Obviously, to turn this into a generally useful program, I need
to learn to write to a new file, and how to parcel up the Python
code, and write a script to apply the "detab" function to all the
files found by searching a Windows directory, and replace the old
files with the new ones; but, for the guts of the program, is this
a reasonable way to write the code to strip tabs from a text file?

For writing the output file, this seems to work in the interpreter:

g = open('temp.txt', 'w')
g.writelines(map(detab, f.xreadlines()))
g.close()

In practice, does this avoid creating the whole string in memory
at one time, as is done by using ''.join()? (I'll have to read up
on "opaque sequence objects", which have only been mentioned once
or twice in passing - another instance perhaps being an xrange()?)
Not that that matters much in practice (in this simple case), but
it seems elegant to avoid creating the whole output file at once.

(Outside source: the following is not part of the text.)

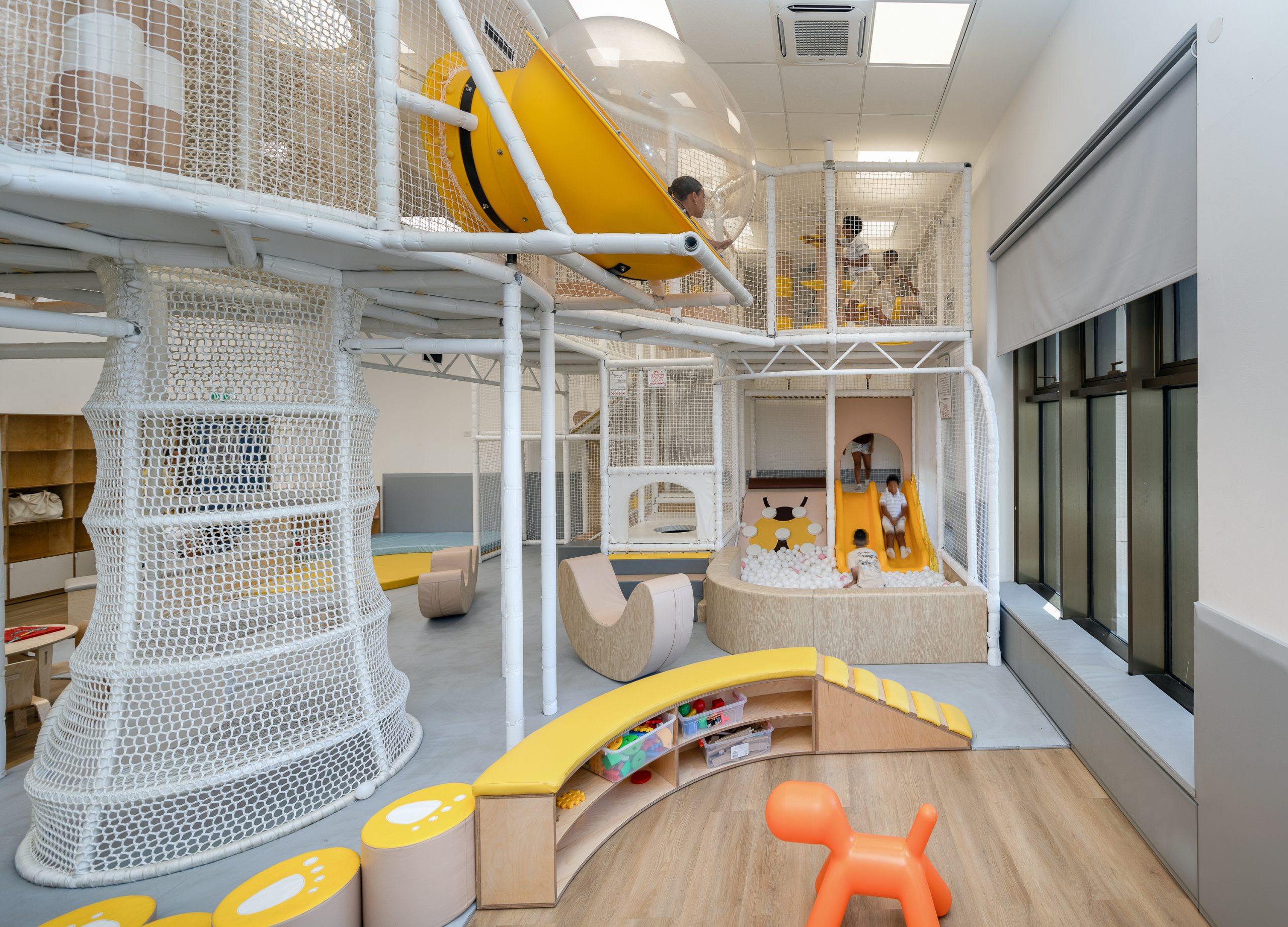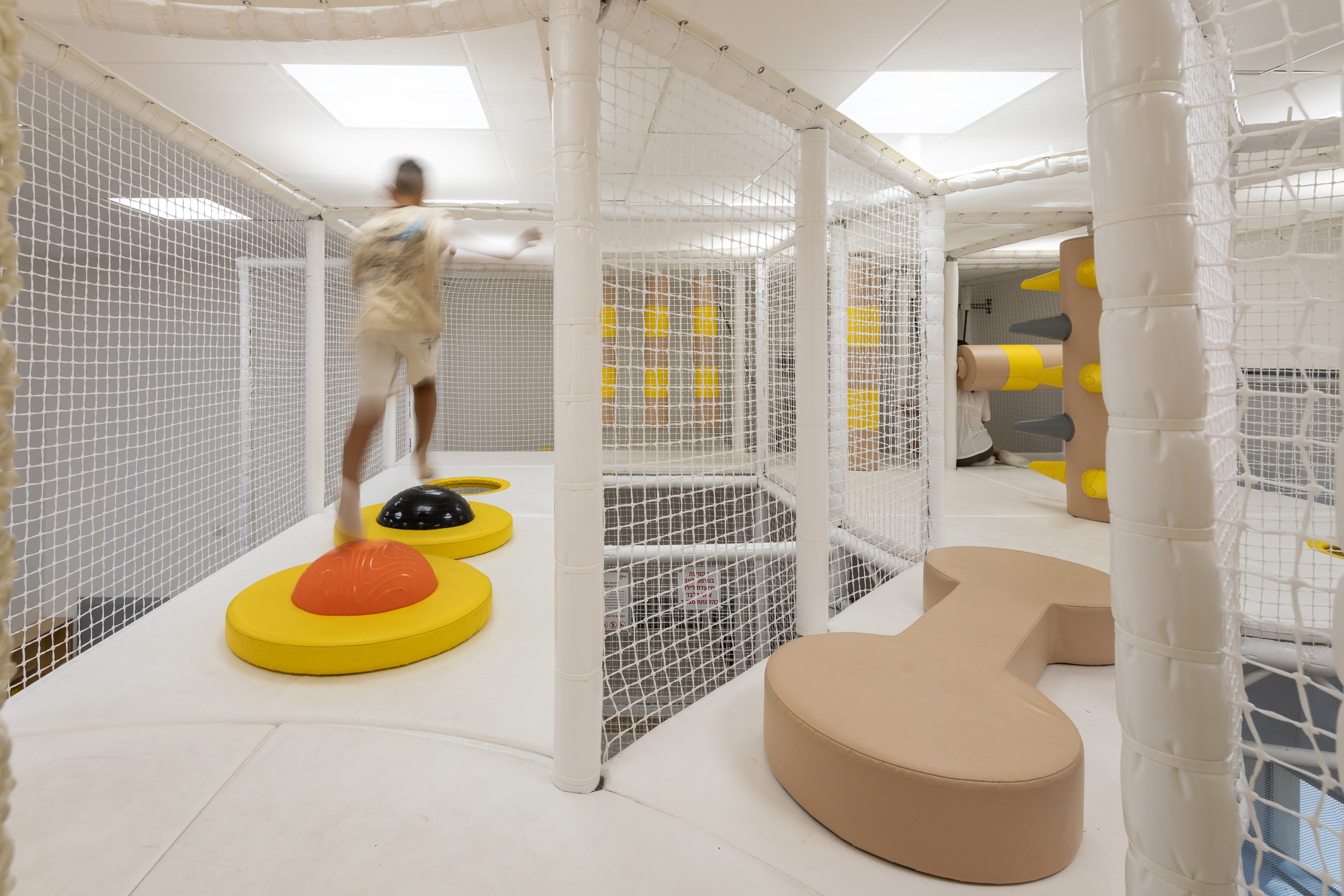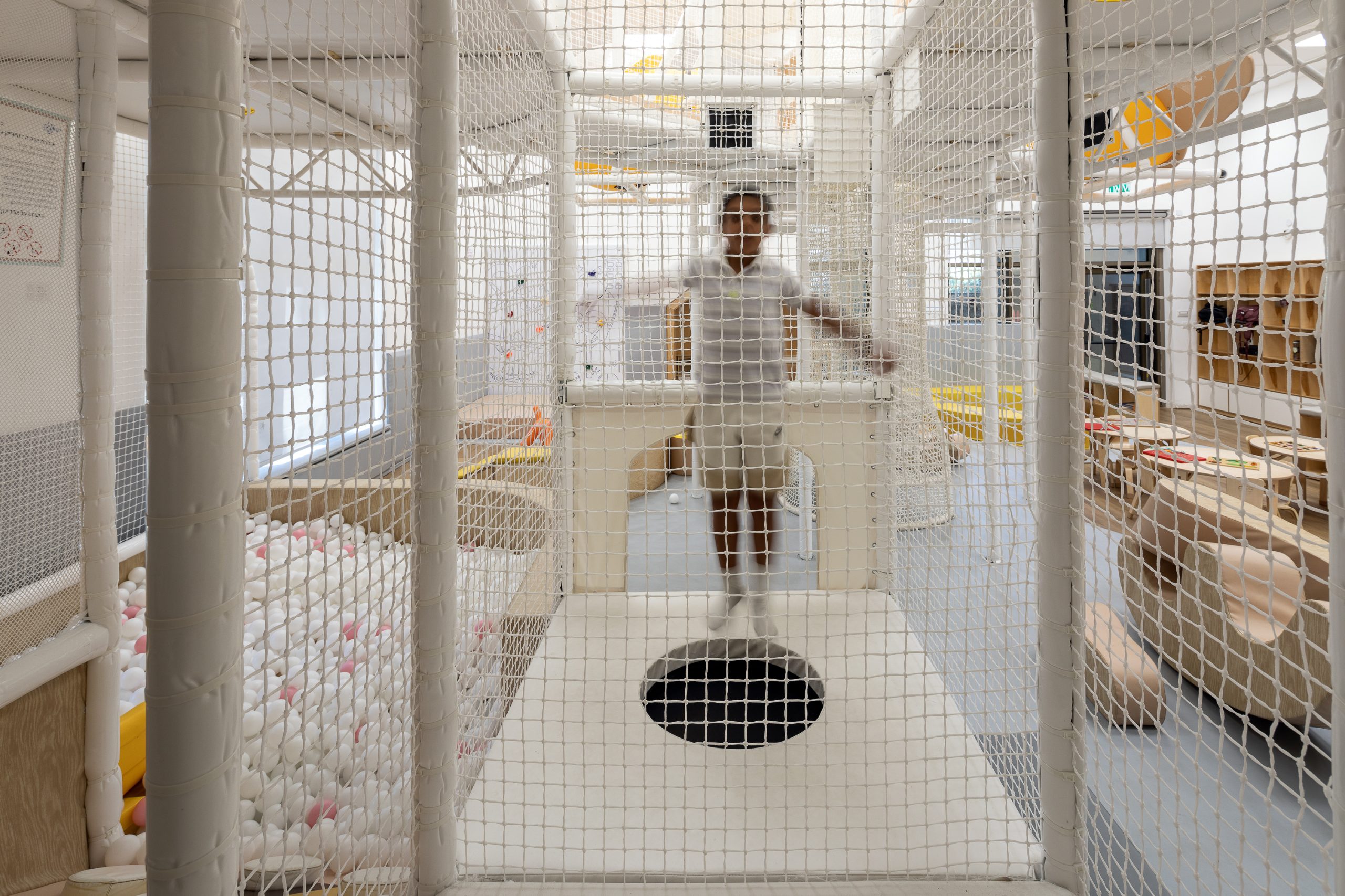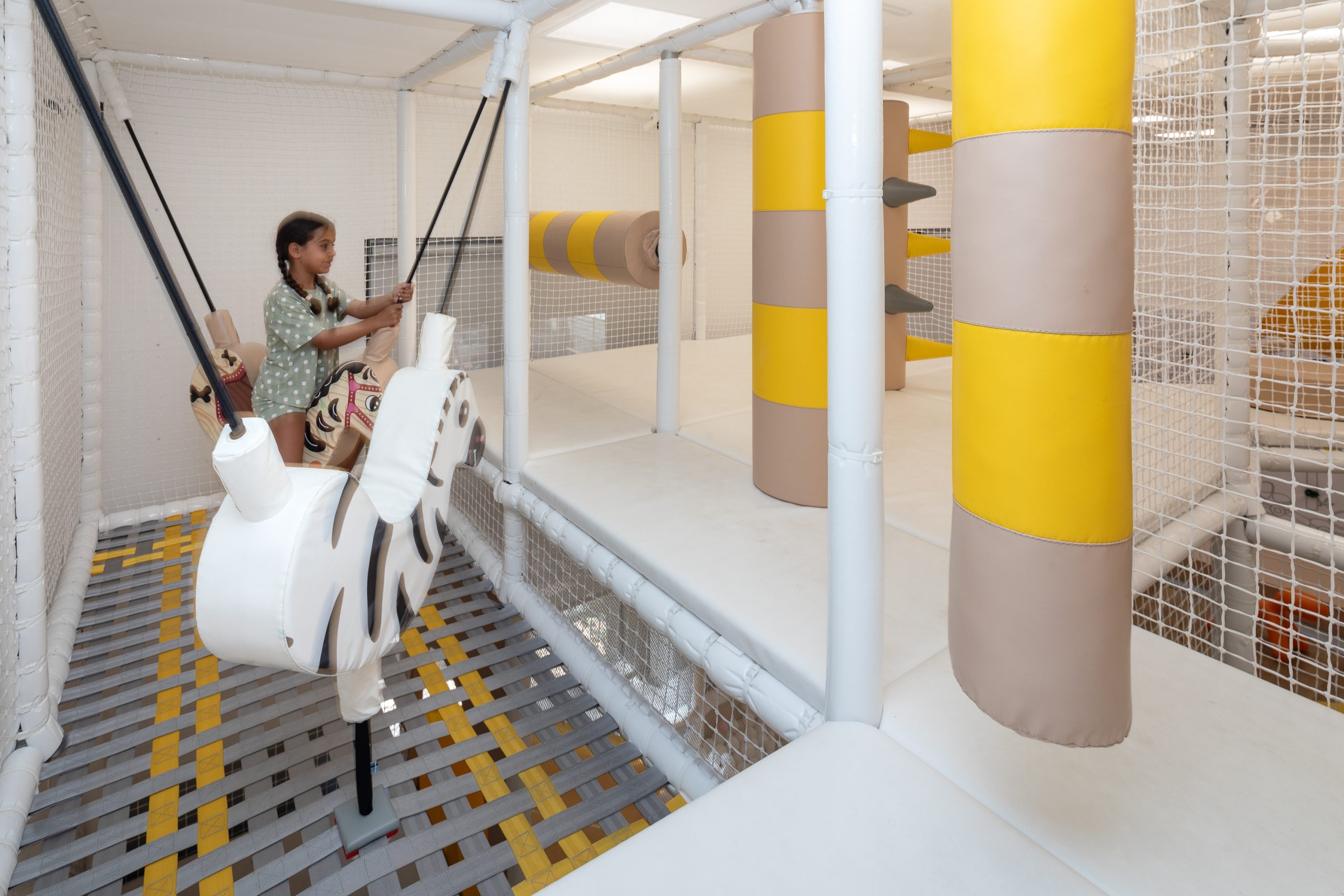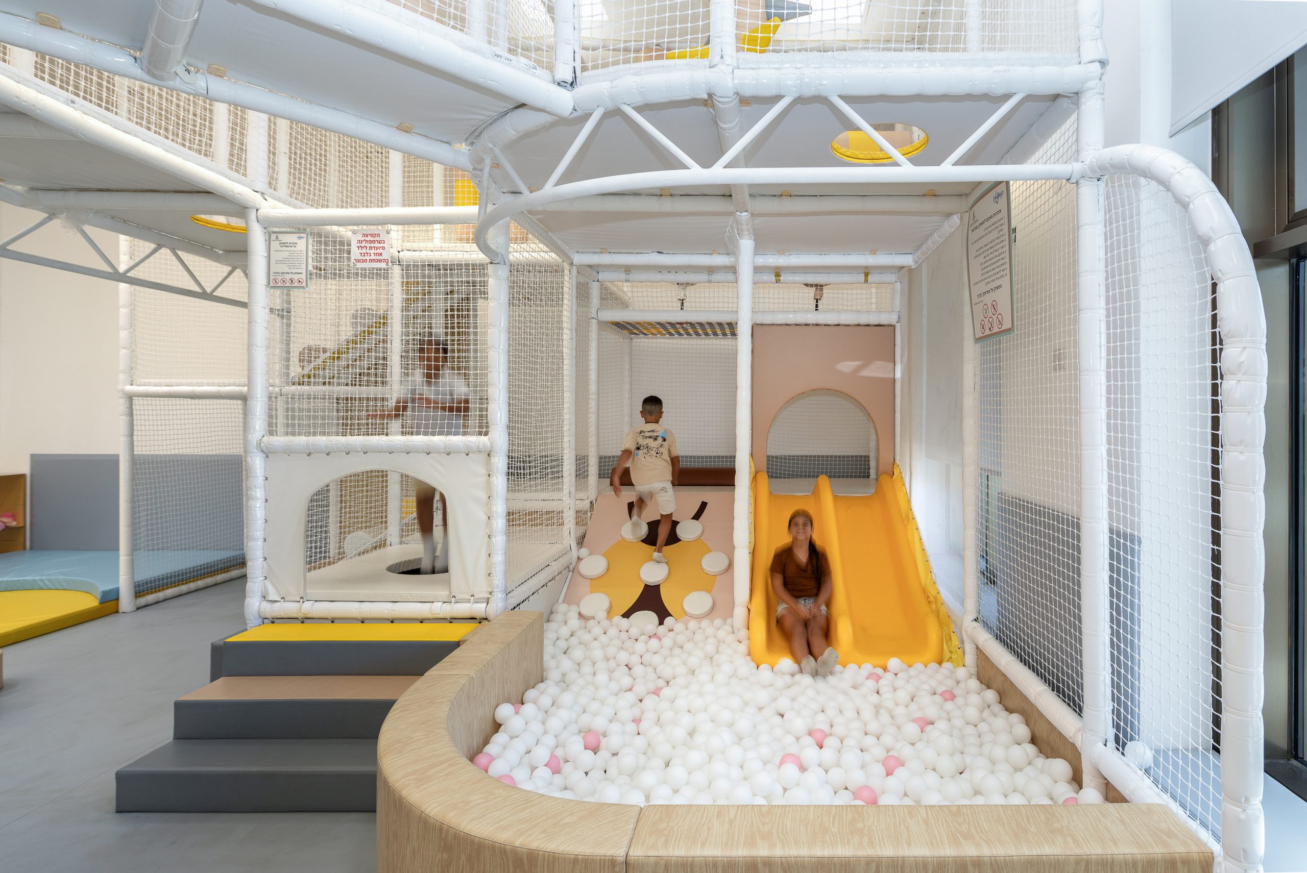 משחקייה דו קומתית הכוללת מתקן רב מרחב עם אלמנט טיפוס במרכז החלל

OK, I'm just getting my feet wet, and I'll try not to ask too many
silly questions!

First impressions are: (1) Python seems both elegant and practical;
and (2) Beazley seems a pleasantly unfussy introduction for someone 
with at least a little programming experience in other languages.

-- 
Angus Rodgers
-- 
http://mail.python.org/mailman/listinfo/python-list


Re: It's ...

2009-06-24 Thread Angus Rodgers
On Wed, 24 Jun 2009 20:53:49 +0100, I wrote:

>[...] my first newbie question is how best to find out
>what's changed from version 2.1 to version 2.5.
>[...] is there a quick online way to find this out?

One way seems to be:

<http://www.python.org/doc/2.3/whatsnew/>
<http://www.python.org/doc/2.4/whatsnew/>
<http://www.python.org/doc/2.5/whatsnew/>

... although there doesn't seem to be any
<http://www.python.org/doc/2.2/whatsnew/>

... ah! ...
<http://www.python.org/doc/2.2.3/whatsnew/>
"What's New in Python 2.2"

-- 
Angus Rodgers
-- 
http://mail.python.org/mailman/listinfo/python-list


Re: It's ...

2009-06-24 Thread Angus Rodgers
On Wed, 24 Jun 2009 16:40:29 -0400, "J. Cliff Dyer"
 wrote:

>On Wed, 2009-06-24 at 20:53 +0100, Angus Rodgers wrote:
>> [...]
>> from types import StringType   # Is this awkwardness necessary?
>
>Not anymore.  You can just use str for this.
>
>> detab = lambda s : StringType.expandtabs(s, stop)  # Or use def
>
>First, use def.  lambda is a rarity for use when you'd rather not assign
>your function to a variable.  
>
>Second, expandtabs is a method on string objects.  s is a string object,
>so you can just use s.expandtabs(stop)

How exactly do I get detab, as a function from strings to strings
(for a fixed tab size)?  (This is aside from the point, which you
make below, that the whole map/join idea is a bit of a no-no - in
some other context, I might want to isolate a method like this.)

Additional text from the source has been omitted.